Venugopal Parvathy, Balasubramanian Sudha, Majumdar Anish Sen, Ta Malancha
Stempeutics research Pvt. Ltd, Manipal Hospital, Bangalore, India.
Stem Cells Cloning. 2011 Apr 21;4:39-50. doi: 10.2147/SCCAA.S17548. eCollection 2011.

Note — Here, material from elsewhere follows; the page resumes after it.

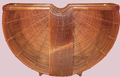
竹工芸 翠屋(竹工芸) / 花籠「月影」

Mesenchymal stem cells (MSCs) have become an attractive tool for tissue engineering and targets in clinical transplantation due to their regeneration potential and immuno-suppressive capacity. Although MSCs derived from bone marrow are the most widely used, their harvest requires an invasive procedure. The umbilical cord, which is discarded at birth, can provide an inexhaustible source of stem cells for therapy. The Wharton's jelly-derived MSCs (WJ-MSCs), from the umbilical cord, have been shown to have faster proliferation rates and greater expansion capability compared with adult MSCs. The standard isolation and in vitro culture protocol for WJ-MSCs utilizes fetal bovine serum (FBS) or calf serum as a nutrient supplement. However, FBS raises potential safety concerns such as transmission of viral/prion disease and may initiate xenogeneic immune reactions against bovine antigens. Therefore, for therapeutic applications, there is an urgent requirement to establish an alternative nutrient supplement which would favor cell proliferation, retain MSC characteristics, and prove safe in human subjects. In the present study, we isolated and expanded WJ-MSCs in 5% pooled, allogeneic human serum (HS) supplemented with 2 ng/mL of basic fibroblast growth factor. For cell dissociation, porcine trypsin was replaced with TrypLE, a recombinant enzyme, and a protease-free protocol was adapted for isolation of MSCs from WJ. We determined their growth kinetics, in vitro differentiation potential, surface marker expression, and colony-forming unit potential and compared them against standard WJ-MSC cultures expanded in 10% FBS. All these parameters matched quite well between the two MSC populations. To test whether there is any alteration in gene expression on switching from FBS to HS, we analyzed a panel of stem cell and early lineage markers using Taqman® low density array. No significant deviation in gene expression was observed between the two populations. Thus we established an efficient, complete xeno-free protocol for propagation of human WJ-MSCs.
间充质干细胞(MSCs)因其再生潜力和免疫抑制能力,已成为组织工程和临床移植靶点的一种有吸引力的工具。尽管源自骨髓的MSCs是使用最广泛的,但获取它们需要侵入性操作。出生时被丢弃的脐带可为治疗提供无穷无尽的干细胞来源。已证明,源自脐带华通氏胶的MSCs(WJ-MSCs)与成人MSCs相比,具有更快的增殖速率和更强的扩增能力。WJ-MSCs的标准分离和体外培养方案使用胎牛血清(FBS)或小牛血清作为营养补充剂。然而,FBS引发了潜在的安全问题,如病毒/朊病毒疾病的传播,并可能引发针对牛抗原的异种免疫反应。因此,对于治疗应用,迫切需要建立一种替代营养补充剂,它有利于细胞增殖,保留MSCs特性,并在人体中证明是安全的。在本研究中,我们在补充有2 ng/mL碱性成纤维细胞生长因子的5%混合异体人血清(HS)中分离并扩增WJ-MSCs。对于细胞解离,用重组酶TrypLE替代猪胰蛋白酶,并采用无蛋白酶方案从WJ中分离MSCs。我们测定了它们的生长动力学、体外分化潜力、表面标志物表达和集落形成单位潜力,并将它们与在10% FBS中扩增的标准WJ-MSC培养物进行比较。这两个MSC群体的所有这些参数都相当匹配。为了测试从FBS转换到HS时基因表达是否有任何变化,我们使用Taqman®低密度阵列分析了一组干细胞和早期谱系标志物。在这两个群体之间未观察到基因表达的显著偏差。因此,我们建立了一种高效、完全无动物源的人WJ-MSCs扩增方案。